The holy god opened his mouth and said, “I was passing along my path, and I was
going through the two regions of my lands according to my heart’s desire, to see
that which I had created, when lo! I was bitten by a serpent which I saw not. Is
it fire? Is it water? I am colder than water, I am hotter than fire. All my flesh
sweateth, I quake, my eye hath no strength, I cannot see the sky, and the sweat
rusheth to my face even as in the time of summer.” Then said Isis unto Ra, “O tell
me thy name, holy father, for whosoever shall be delivered by thy name shall live.”
[And Ra said], “I have made the heavens and the earth, I have ordered the mountains,
I have created all that is above them, I have made the water, I have made to come
into being the great and wide sea, I have made the ‘Bull of his mother,’ from whom
spring the delights of love. I have made the heavens, I have stretched out the two
horizons like a curtain, and I have placed the soul of the gods within them. I am
he who, if he openeth his eyes, doth make the light, and, if he closeth them, darkness
cometh into being. At his command the Nile riseth, and the gods know not his name.
I have made the hours, I have created the days, I bring forward the festivals of
the year, I create the Nile-flood. I make the fire of life, and I provide food in
the houses. I am Khepera in the morning, I am Ra at noon, and I am Tmu at even.”
Meanwhile the poison was not taken away from his body, but it pierced deeper, and
the great god could no longer walk.
Then said Isis unto Ra, “What thou hast said is not thy name. O tell it unto
me, and the poison shall depart; for he shall live whose name shall be revealed.”
Now the poison burned like fire, and it was fiercer than the flame and the furnace,
and the majesty of the god said, “I consent that Isis shall search into me, and
that my name shall pass from me into her.” Then the god hid himself from the gods,
and his place in the boat of millions of years was empty. And when the time arrived
for the heart of Ra to come forth, Isis spake unto her son Horus, saying, “The god
hath bound himself by an oath to deliver up his two eyes” (i.e., the sun
and moon). Thus was the name of the great god taken from him, and Isis, the lady
of enchantments, said, “Depart, poison, go forth from Ra. O eye of Horus, go forth
from the god, and shine outside his mouth. It is I who work, it is I who make to
fall down upon the earth the vanquished poison; for the name of the great god hath
been taken away from him. May Ra live! and may the poison die, may the poison die,
and may Ra live!” These are the words of Isis, the great goddess, the queen of the
gods, who knew Ra by his own name.
Thus we see that even to the great god Ra were attributed all the weakness and
frailty of mortal man; and that “gods” and “goddesses” were classed with beasts
and reptiles, which could die and perish. As a result, it seems that the word “God”

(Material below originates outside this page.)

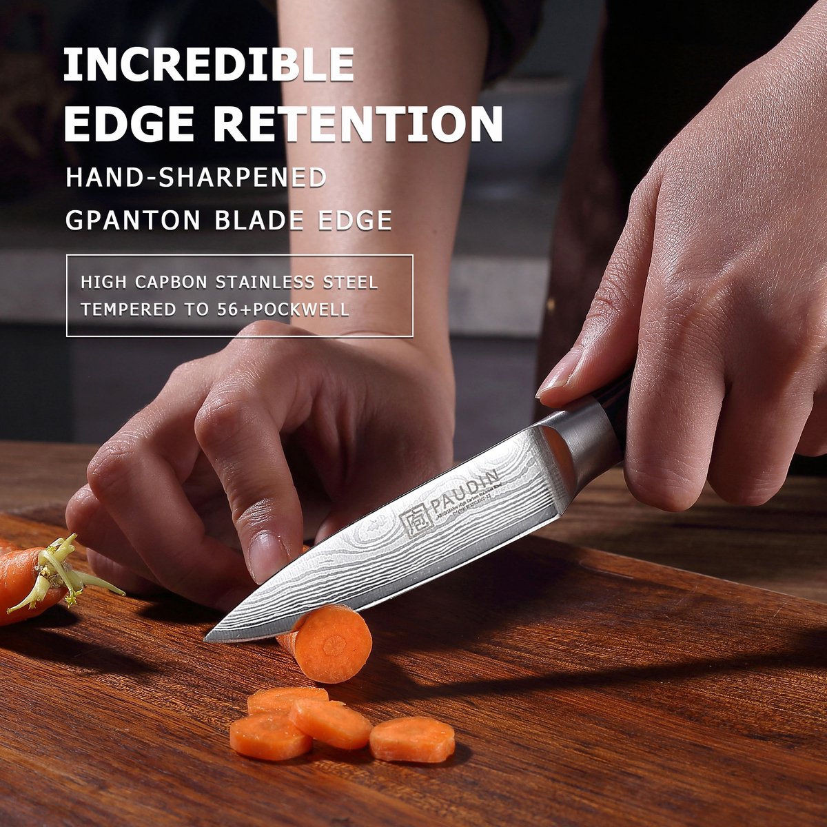 De keerzijde is dat sommige extreem harde messen de scherpte nog langer vasthouden, maar die zijn vaak kwetsbaarder en lastiger te slijpen. Dit PAUDIN N8 vindt een fijne middenweg tussen scherptebehoud en onderhoudsgemak.
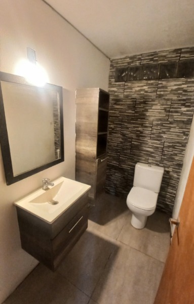 En planta baja posee un living-comedor amplio y luminoso, cocina semi-.integrada cómoda. Hall de distribución, hacia los 2 dormitorios, uno al frente y otro al contra-frente, baño completo con bañera. Garage amplio, con un segundo baño. Y patio amplio.

should be reserved to express the name of the Creator of the Universe, and that
neteru, usually rendered “gods,” should be translated by some other word,
but what that word should be it is almost impossible to say.
The belief in One God.
From the attributes of God set forth in Egyptian texts of all periods, Dr. Brugsch,
de Roug and other eminent Egyptologists have come to the opinion that the dwellers
in the Nile valley, from the earliest times, knew and worshipped one God, nameless,
incomprehensible, and eternal. In 1860 de Rougwrote:–“The unity of a supreme
and self-existent being, his eternity, his almightiness, and external reproduction
thereby as God; the attributing of the creation of the world and of all living beings
to this supreme God; the immortality of the soul, completed by the dogma of punishments
and rewards: such is the sublime and persistent base which, notwithstanding all
deviations and all mythological embellishments, must secure for the beliefs of the
ancient Egyptians a most honourable place among the religions of antiquity.” Nine
years later he developed this view, and discussed the difficulty of reconciling
the belief in the unity of God with the polytheism which existed in Egypt from the
earliest times, and he repeated his conviction that the Egyptians believed in a
self-existent God who was One Being, who had created man, and who had endowed him
with an immortal soul. In fact, de Rougamplifies what Champollion-Figeac (relying
upon his brother’s information) wrote in 1839: “The Egyptian religion is a pure
monotheism, which manifested itself externally by a symbolic polytheism.” M. Pierret
adopts the view that the texts show us that the Egyptians believed in One infinite
and eternal God who was without a second, and he repeats Champollion’s dictum. But
the most recent supporter of the monotheistic theory is Dr. Brugsch, who has collected
a number of striking passages from the texts. From these passages we may select
the following:–
God is one and alone, and none other existeth with Him–God is the One, the One
who hath made all things–God is a spirit, a hidden spirit, the spirit of spirits,
the great spirit of the Egyptians, the divine spirit–God is from the beginning,
and He hath been from the beginning, He hath existed from old and was when nothing
else had being. He existed when nothing else existed, and what existeth He created
after He had come into being, He is the Father of beginnings–God is the eternal
One, He is eternal and infinite and endureth for ever and aye–God is hidden and
no man knoweth His form. No man hath been able to seek out His likeness; He is hidden
to gods and men, and He is a mystery unto His creatures. No man knoweth how to know
Him–His name remaineth hidden; His name is a mystery unto His children. His names
are innumerable, they are manifold and none knoweth their number–God is truth and
He liveth by truth and He feedeth thereon. He is the king of truth, and He hath
stablished the earth thereupon–God is life and through Him only man liveth. He
giveth life to man, He breatheth the breath of life into his nostrils–God is father
and mother, the father of fathers, and the mother of mothers. He begetteth, but
was never begotten; He produceth, but was never produced; He begat himself and produced
himself. He createth, but was never created; He is the maker of his own form, and
the fashioner of His own body–God Himself is existence, He endureth without increase
or diminution, He multiplieth Himself millions of times, and He is manifold in forms
and in members–God hath made the universe, and He hath created all that therein
is; He is the Creator of what is in this world, and of what was, of what is, and
of what shall be. He is the Creator of the heavens, and of the earth, and of the
deep, and of the water, and of the mountains. God hath stretched out the heavens
and founded the earth-What His heart conceived straightway came to pass, and when
He hath spoken, it cometh to pass and endureth for ever–God is the father of the
gods; He fashioned men and formed the gods–God is merciful unto those who reverence
Him, and He heareth him that calleth upon Him. God knoweth him that acknowledgeth
Him, He rewardeth him that serveth Him, and He protecteth him that followeth Him.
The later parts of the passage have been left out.